Preachers & liturgists will have a choice, this weekend: to present the Second Sunday of Christmas, or to skip a day to the Epiphany. Since the church at which I’m to preach is following the Epiphany scheme, and since the following week plunges directly into the Baptism of Jesus, I’ve decided to look at the Epiphany lections. This is the Season of Light, celebrating those AHA! moments when the lightbulb of recognition goes on, when holiness breaks into our drab post-holiday world. Secular Christmas promises so much; and realizes so little. Here’s an antidote.
We begin with a marvelous poem attributed to Third (post-exile) Isaiah, 60:1-6. “Arise, shine, FOR YOUR LIGHT HAS COME, and the glory of the Lord has risen upon YOU!” This isn’t a prescient prophecy of the Messiah, but rather a joyous proclamation to all of Zion that God is still ready to break in with renewed hopes and dreams.
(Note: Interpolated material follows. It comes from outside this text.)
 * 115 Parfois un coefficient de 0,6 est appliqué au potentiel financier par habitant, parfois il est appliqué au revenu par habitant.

The Jewish Publication Society translates verse 5 as “As you behold, you will glow…” God’s dream, then, is to create a community of glow-ers? The whole People will burn with holy light: “Their radiance is essential to any bright future of God’s own imagining. If they hope to sit on the sidelines while someone else shines instead of them, then they have missed their central role in God’s vision.” (Barbara Brown Taylor, FEASTING on the WORD, A 1:199)
The opening verse of Ephesians 3:1-12 speaks about Paul’s defining moment, a moment we all need when we (at last) can say, “Oh! THAT’s why!” The mystery of Christ, to over-simplify, is the uniting of all humans in the Divine Light which shines over and within them. The Church Universal is the pipeline through which this light engages the movers ‘n’ shakers of our society: “Through the church the wisdom of God in its rich variety might now be made known to the rulers and authorities in the heavenly places.” And of course some places which aren’t so heavenly…
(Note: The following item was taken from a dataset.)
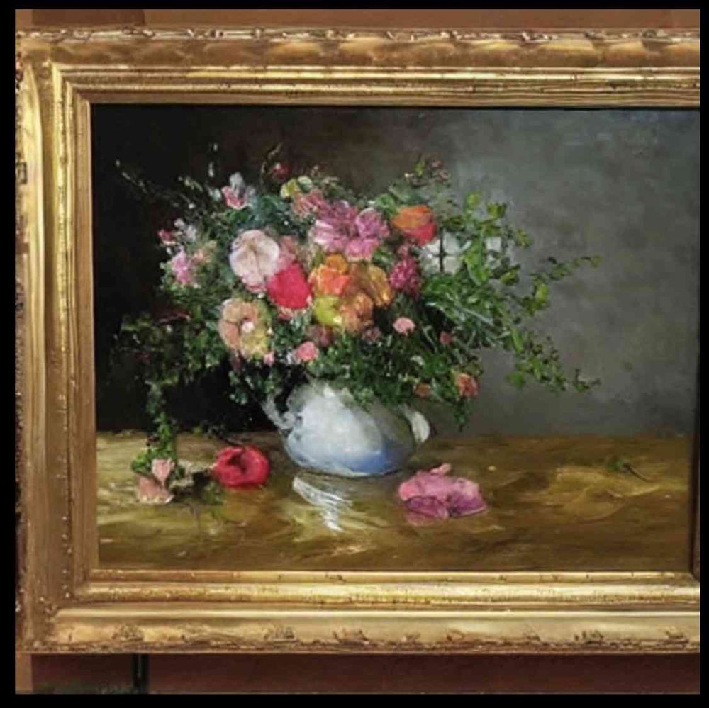 8K,高品質,写実的,油絵, Olga Wisinger-Florian,花の風景画,木製額付きで絵の全体を描く

We can’t have Epiphany without providing for the entrance of the Wisemen. Whoever they were. However many there might have been. The Isaiah passage makes reference to camels bringing the Wealth of the Nations, maybe that was their mode of arrival. Our glamorized traditions have distorted the story a bit–it may be good to re-read Matthew 2:1-12. Tom Troeger points out that before they presented their gold/frankincense/ myrrh they gave the most important gift of all, themselves! Can it be that the people who recognize Jesus as Lord ARE the “Wealth of the Nations”?
Barbara Brown Taylor wraps it nicely for us: “There is no contradiction between proclaiming the epiphany of the Lord and the epiphany of the Lord’s People….He comes to set other people on fire, not to burn like a torch all on his own….People glow with God’s light because God is present with them, not because of anything they have done to secure that presence for themselves….Today Christ’s kin get to behold his glow until they glow themselves. They get to pass the gold and frankincense around as if it belonged to the whole family.” (op.cit.)